The basic pipeline is as follows: fetch, decode, execute, commit to memory. You first fetch the next instruction from memory (there's a counter and pointer that tells the CPU where to find the next instruction). You then decode that instruction into an internally understood format (this is key to enabling backwards compatibility). Next you execute the instruction (this stage, like most here, is split up into fetching data needed by the instruction among other things). Finally you commit the results of that instruction to memory and start the process over again.

Modern CPU pipelines feature many more stages than what I've outlined here. Conroe featured a 14 stage integer pipeline, Nehalem increased that to 16 stages, while Sandy Bridge saw a shift to a 14 - 19 stage pipeline (depending on hit/miss in the decoded uop cache).

The front end is responsible for fetching and decoding instructions, while the back end deals with executing them.

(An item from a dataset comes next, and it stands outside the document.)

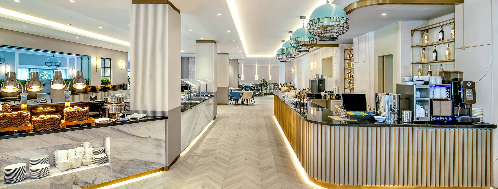 .Raňajky (06:00-10:30 v bufete v hlavnej reštaurácii. Možný príplatok za polpenziu (HB) alebo plnú penziu: raňajky, obed a večera (FB) - stravovanie v hlavnej reštaurácii formou bufetu. Nápoje počas obeda a večere sú za príplatok. Za príplatok balíček All Inclusive, ktorý zahŕňa 3 jedlá, ako aj občerstvenie a alkoholické a nealkoholické nápoje (10:00-22:00).

The division between the two halves of the CPU pipeline also separates the part of the pipeline that must execute in order from the part that can execute out of order. Instructions have to be fetched and completed in program order (can't click Print until you click File first), but they can be executed in any order possible so long as the result is correct.

Why would you want to execute instructions out of order? It turns out that many instructions are either dependent on one another (e.g. C=A+B followed by E=C+D) or they need data that's not immediately available and has to be fetched from main memory (a process that can take hundreds of cycles, or an eternity in the eyes of the processor). Being able to reorder instructions before they're executed allows the processor to keep doing work rather than just sitting around waiting.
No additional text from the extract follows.